Monash University’s Genomics facility doesn’t just generate sequencing data for its clients, but the team also trains and educates the community.
Experts in long-read and whole genome sequencing, the good folk at Micromon love to share their knowledge, and have access to the best in expertise and facilities to do so. Home to the world’s longest-running molecular biology short-course, Micromon has helped educate research staff and PhD students from around the country for the past 30 years.
The six-day workshop explores the fundamentals in molecular biology techniques, covering the skills required for recombinant DNA technology and how they are changing the future of genomics research.
Facility manager, Mark Cauchi, says that the popular short-course was the reason Micromon – now one of the centrally managed Monash Technology Research Platforms (MTRP) – came into inception.
“Monash wanted to commercialise the expertise of the Department of Microbiology,” he says. “They started out in 1986 by offering this and other specialist workshops, but this is the one that’s endured.”

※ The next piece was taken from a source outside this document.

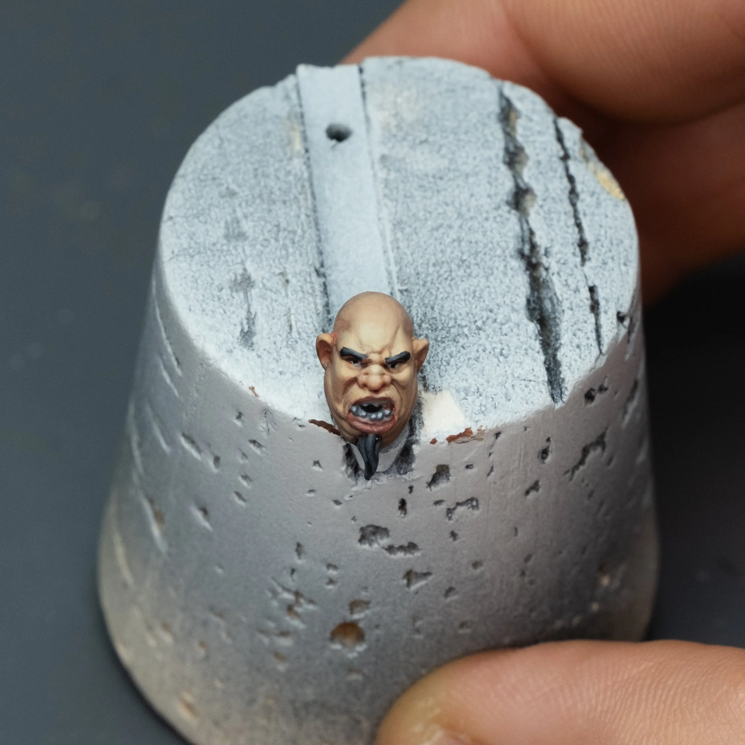 And finally, a new Ogre Head has been painted for the start of the new Skin Challenge Series. As to my disappointment mentioned yesterday, the footage was clipped with so many mis-shots and key strokes being blocked that I needed to shoot it again. For everyone who wants to get ahead in the Skin Challenge and wants to start with an Ogre Head, there is an excellent Necromunda Kit, Jotunn' H-Grade Industrial Servitor Ogryns, which comes with 2 Ogryns and has plenty of options to build with or without armour. Or if you have the Grand Cathay battalion box, the Orge head is taken right from there!

Through Micromon’s relationship with the university’s Microbiology Department, Cauchi is able to call on the expertise of the department’s experienced lecturers who present the raft of topics and the talented PhD students for the skills training and hands-on part of the course.
The hard work that goes into running the workshop clearly pays off. As one participant from the University of Queensland phrased it: “‘The genuine excitement for the molecular world displayed by the orchestrators of the course is palpable and contagious!”’
Not limiting their expertise and enthusiasm to researchers, Micromon also participates in community outreach programs. One of these was a recent virtual presentation to Year 10 students from around Victoria as part of the Emerging Sciences Victoria Program.
“John Monash Science School invited us to give a genomics presentation using their digital broadcasting studio,” explains Cauchi. “They wanted people working in the industry to give the young students an idea of what the industry is like. We talked to them about human genome sequencing, how sequencing is applied in a research environment, technical issues involved and trends for the future.”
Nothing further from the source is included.